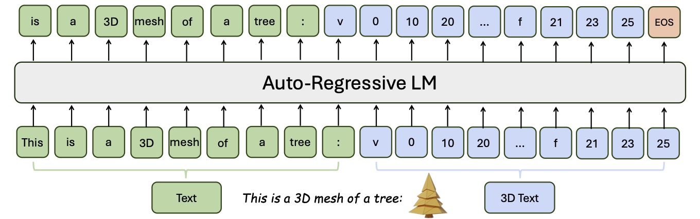 我们的方法概述。LLaMA-Mesh 通过将 3D 网格的顶点坐标和面定义的数值表示为纯文本,以统一的格式整合文本与 3D 网格。我们的模型采用端到端的方式,使用文本与 3D 交错的数据进行训练。因此,该模型可以在一个统一的框架内同时生成文本和 3D 网格。
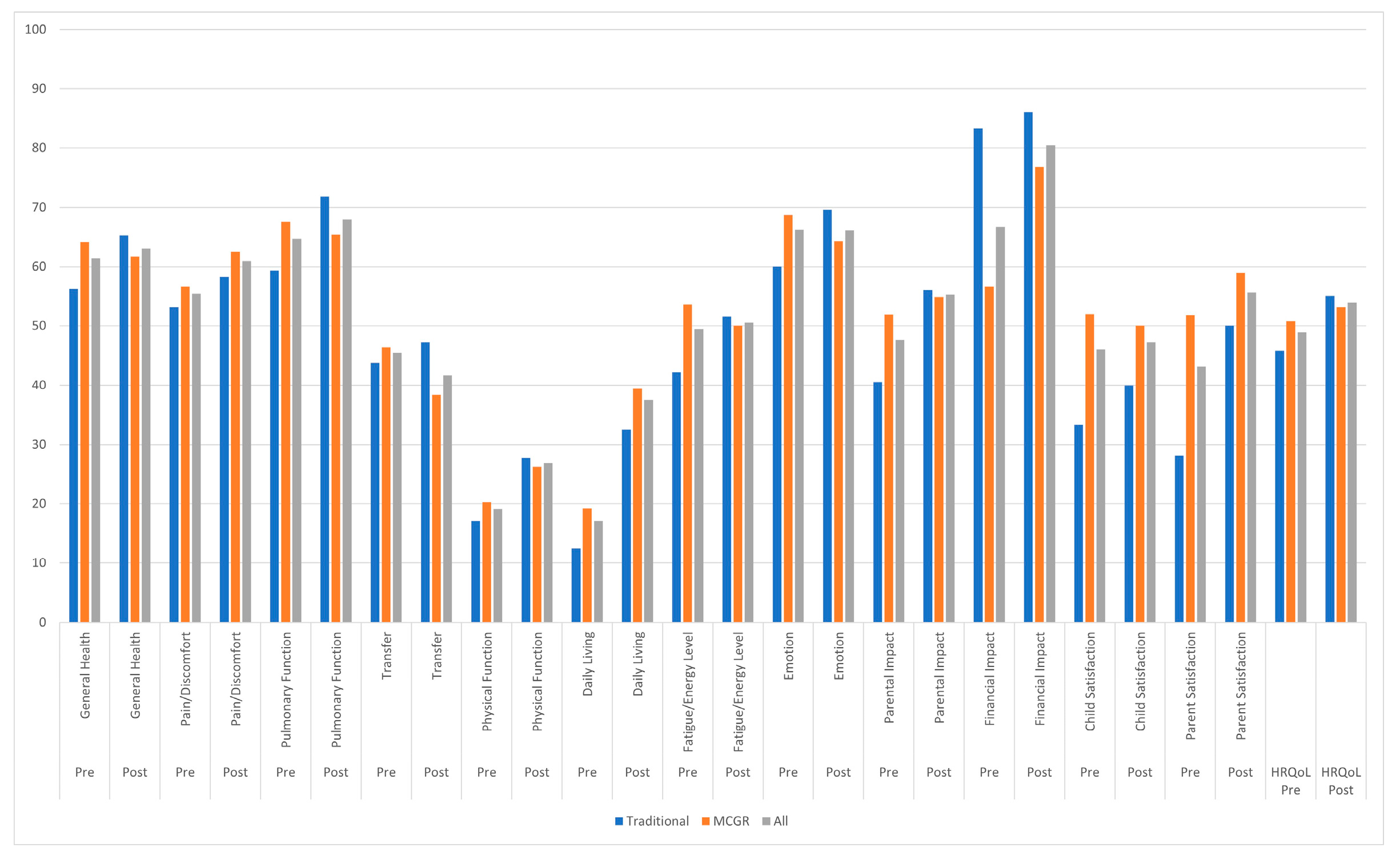 - DiFazio, R.L.; Miller, P.E.; Vessey, J.A.; Snyder, B.D. Health-related quality of life and care giver burden following spinal fusion in children with cerebral palsy. Spine 2017, 42, E733–E739. [Google Scholar] [CrossRef]
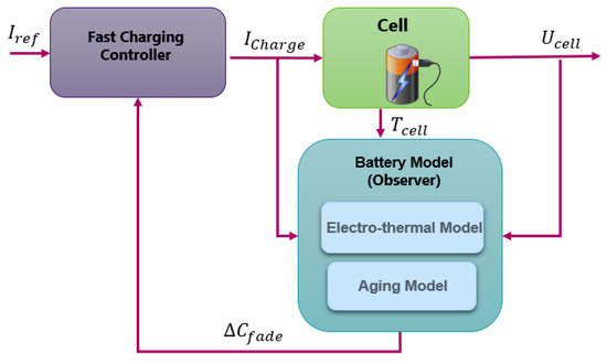 The fast charging strategy developed in this paper, which can be integrated in a battery management system (BMS), is described globally by Figure 2. In this diagram, the model presented in Section 2 is used in the battery observer to simulate the battery behavior under various operating conditions. Using measures of the cell current , voltage and temperature , this observer estimates (among other information) the cell capacity fade . This information is used by a fast charging controller that adapts the charge current magnitude to follow a charge profile while reducing the cell capacity fade during recharge.
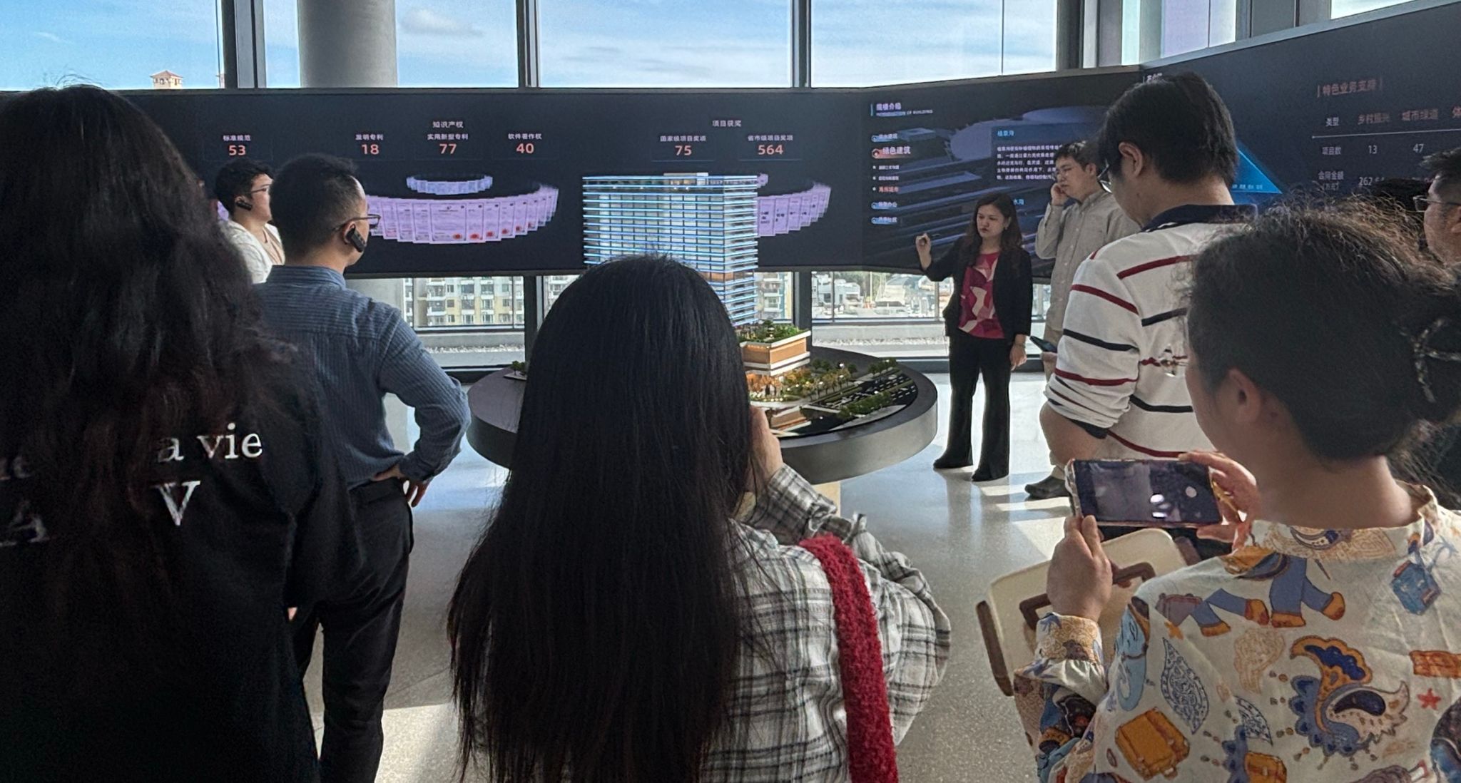 师生一行受到珠海市规划设计研究院工程师的热情接待,师生们依次参观了海绵城市、废料回用及清水混凝土、空中花园、无人机机场及共享社区等绿色设施以及屋顶花园的大气、光伏、雨水回用设施,领略到绿色建筑的创新理念和对自然资源的高效利用;通过工程师们的详细讲解,学生们更直观地了解和学习到绿色建筑的优点。
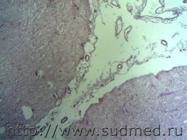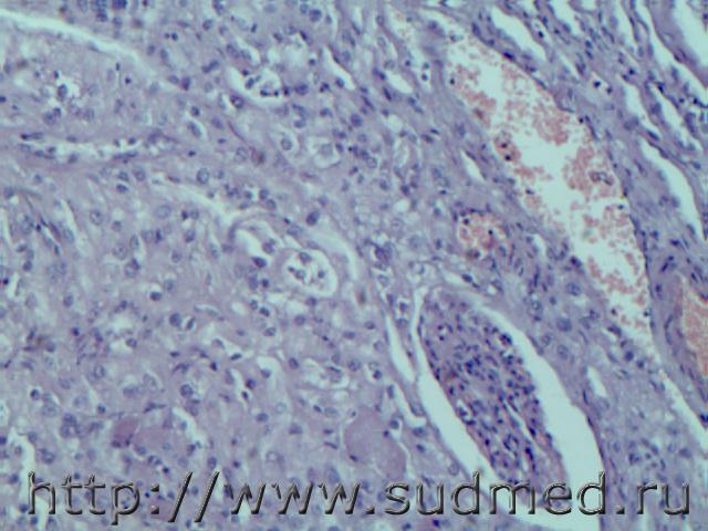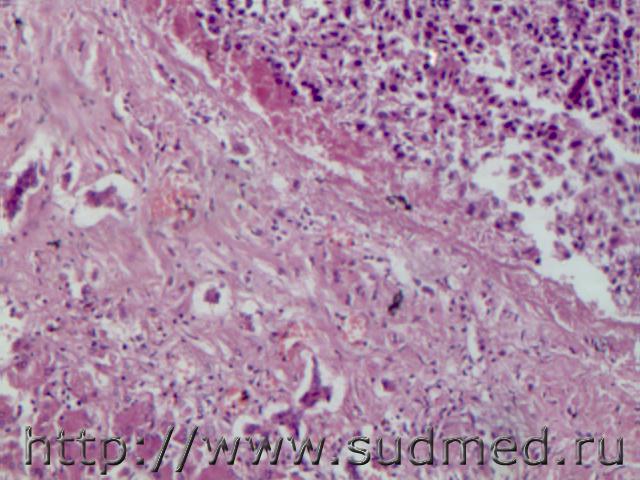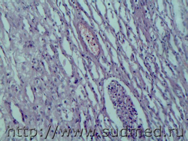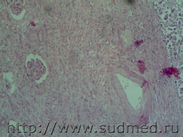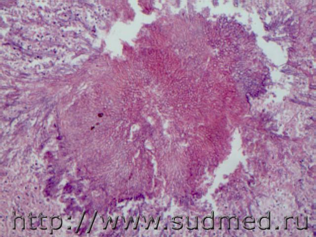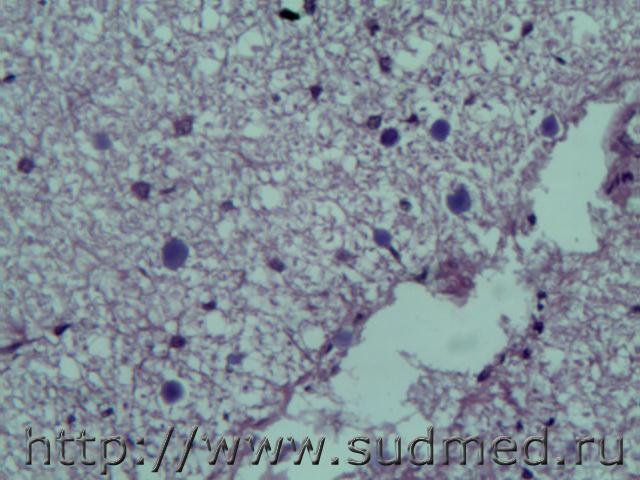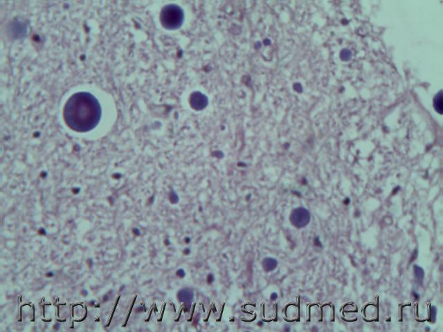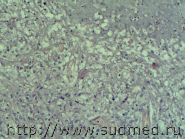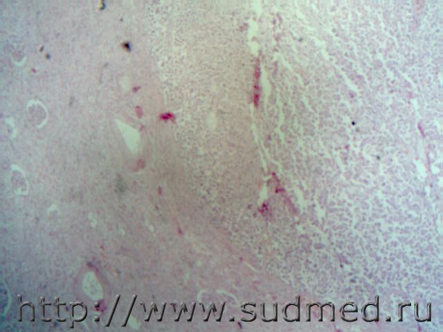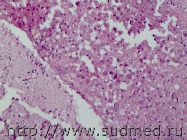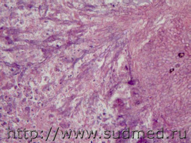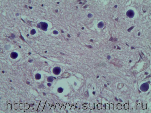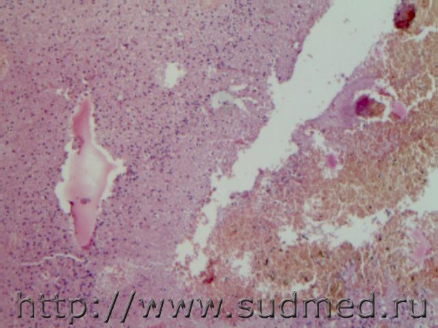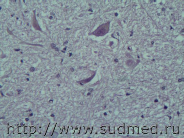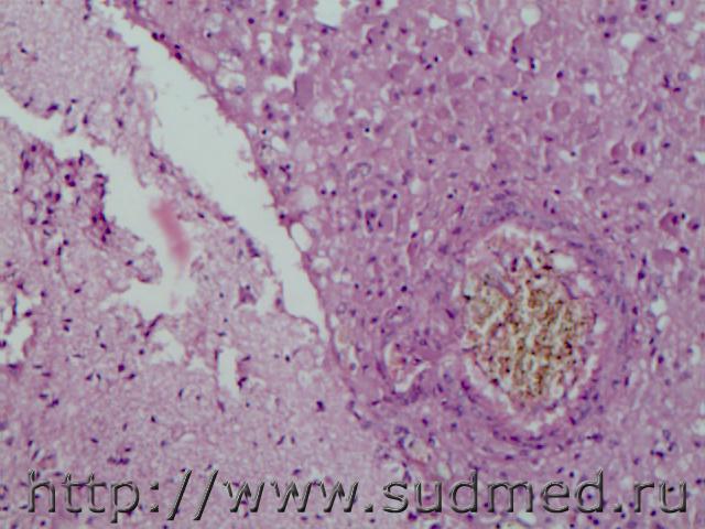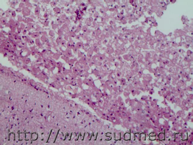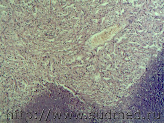 Тот же случай.ЗЧМТ.за 12 к\д изменение мягкой мозговой оболочки со множеством зернистых оксифильных шаров. В веществе коры г/м видны очаги ишемического размягчения и кровоизлияния, отек, дистрофия. некробиоз и некроз нейроцитов.

◆ ◆ ◆ ◆ ◆

■ What needs to be done: Write out the whole listing again, exactly, with no pictures.

■ Solution:
 我们的方法概述。LLaMA-Mesh 通过将 3D 网格的顶点坐标和面定义的数值表示为纯文本,以统一的格式整合文本与 3D 网格。我们的模型采用端到端的方式,使用文本与 3D 交错的数据进行训练。因此,该模型可以在一个统一的框架内同时生成文本和 3D 网格。
 - DiFazio, R.L.; Miller, P.E.; Vessey, J.A.; Snyder, B.D. Health-related quality of life and care giver burden following spinal fusion in children with cerebral palsy. Spine 2017, 42, E733–E739. [Google Scholar] [CrossRef]
 The fast charging strategy developed in this paper, which can be integrated in a battery management system (BMS), is described globally by Figure 2. In this diagram, the model presented in Section 2 is used in the battery observer to simulate the battery behavior under various operating conditions. Using measures of the cell current , voltage and temperature , this observer estimates (among other information) the cell capacity fade . This information is used by a fast charging controller that adapts the charge current magnitude to follow a charge profile while reducing the cell capacity fade during recharge.
 师生一行受到珠海市规划设计研究院工程师的热情接待,师生们依次参观了海绵城市、废料回用及清水混凝土、空中花园、无人机机场及共享社区等绿色设施以及屋顶花园的大气、光伏、雨水回用设施,领略到绿色建筑的创新理念和对自然资源的高效利用;通过工程师们的详细讲解,学生们更直观地了解和学习到绿色建筑的优点。
 Тот же случай.ЗЧМТ.за 12 к\д изменение мягкой мозговой оболочки со множеством зернистых оксифильных шаров. В веществе коры г/м видны очаги ишемического размягчения и кровоизлияния, отек, дистрофия. некробиоз и некроз нейроцитов.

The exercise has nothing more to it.